林恩沒有多說一句廢話,乾脆利落地結束通話了電話。
兩個小時後。
沃特塔樓地下五十層的特殊安保宿舍區。
這裡常年不見陽光,走廊裡的燈光昏暗得讓人覺得壓抑。
走廊盡頭的那扇鐵門被人從外面推開,瑪德琳踩著高跟鞋走了進來。
房間裡沒有開燈,只有牆角的一盞小檯燈散發著微弱的黃光。
玄色正穿著那身黑色的戰衣,盤腿坐在床板上。
他的面前放著一小塊還沒有雕刻完成的木料,手裡握著一把鋒利的特製刻刀,正專心致志地颳著木屑。
“公司有新的指令。”
瑪德琳看著這個沉默的殺手,眼神有些複雜。
她其有點害怕玄色,因為這個人沒有聲音,沒有表情,誰也不知道那個黑色的面罩下面藏著什麼樣的情緒。
玄色停下手裡的動作,慢慢抬起頭。
“埃德加總裁親自下的命令。”
瑪德琳拿出一份蓋著紅色印章的檔案放在桌子上,“從今天起,你的編制正式劃入先鋒營,收拾一下你的個人物品,會有專車送你去長島莊園報到,你的新任務是擔任約翰的格鬥教練,兼任莊園的安保。”

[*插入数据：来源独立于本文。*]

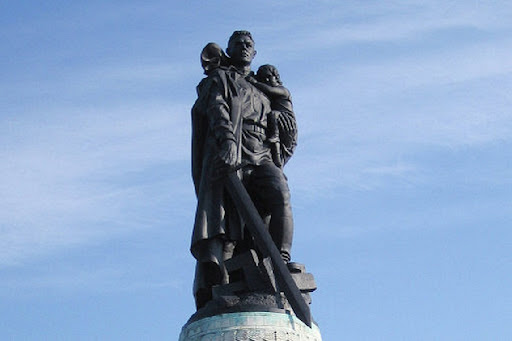 Центральним елементом композиції берлінського меморіалу стала знаменита бронзова статуя «Воїн-визволитель». Скульптуру відкрито спеціально 8 травня 1949 року, у четверту річницю Перемоги. Її вид відомий всім — солдат правою рукою тримає дівчинку, лівою рукою величезний меч, схильний донизу. Під ногами солдата – зламана свастика. Весь комплекс покликаний символізувати визвольну місію радянських військ та перемогу над фашизмом.

瑪德琳原本以為玄色會有些抗拒,畢竟這裡是他的老巢,而且離開總部去給幾個小屁孩當陪練,怎麼看都像是一種變相的流放。
但玄色只是靜靜地看了那份檔案兩秒鐘。
然後,他非常迅速地站了起來。
他沒有去看牆上掛著的那些各種口徑的槍支,也沒有去拿那些沾過血的重型武器。
他只是從床底下拉出一個黑色的帆布旅行袋,把桌子上的幾把刻刀,幾塊上好的木料,還有一旁的一沓紙,顏料,小心翼翼地裝了進去。
最後,他從枕頭底下摸出了一個看起來有些年頭的毛絨小熊,拍了拍上面的灰塵,鄭重其事地塞進了旅行袋的最深處。
拉上拉鍊,玄色把袋子甩到肩膀上,首接越過還在發愣的瑪德琳,大步流星地走出了這間陰冷潮溼的宿舍。
他的步伐邁得很大,甚至透著一種讓人難以察覺的輕快感。
瑪德琳看著空蕩蕩的房間,有些不自在地攏了攏頭髮。
她突然覺得,這個殺人不眨眼的怪物,似乎對去長島當保姆這件事……還挺期待的。
下午三點剛過。
長島莊園的鐵門外傳來了一陣輕微的剎車聲。
林恩正站在廚房裡,把切好的土豆塊倒進燉著牛肉的鐵鍋裡,聽到動靜,他順手在圍裙上擦了擦手,轉頭看向窗外。
一輛黑色的沃特公司專車停在路邊,玄色拎著那個黑色的帆布袋,靜靜地站在大門外。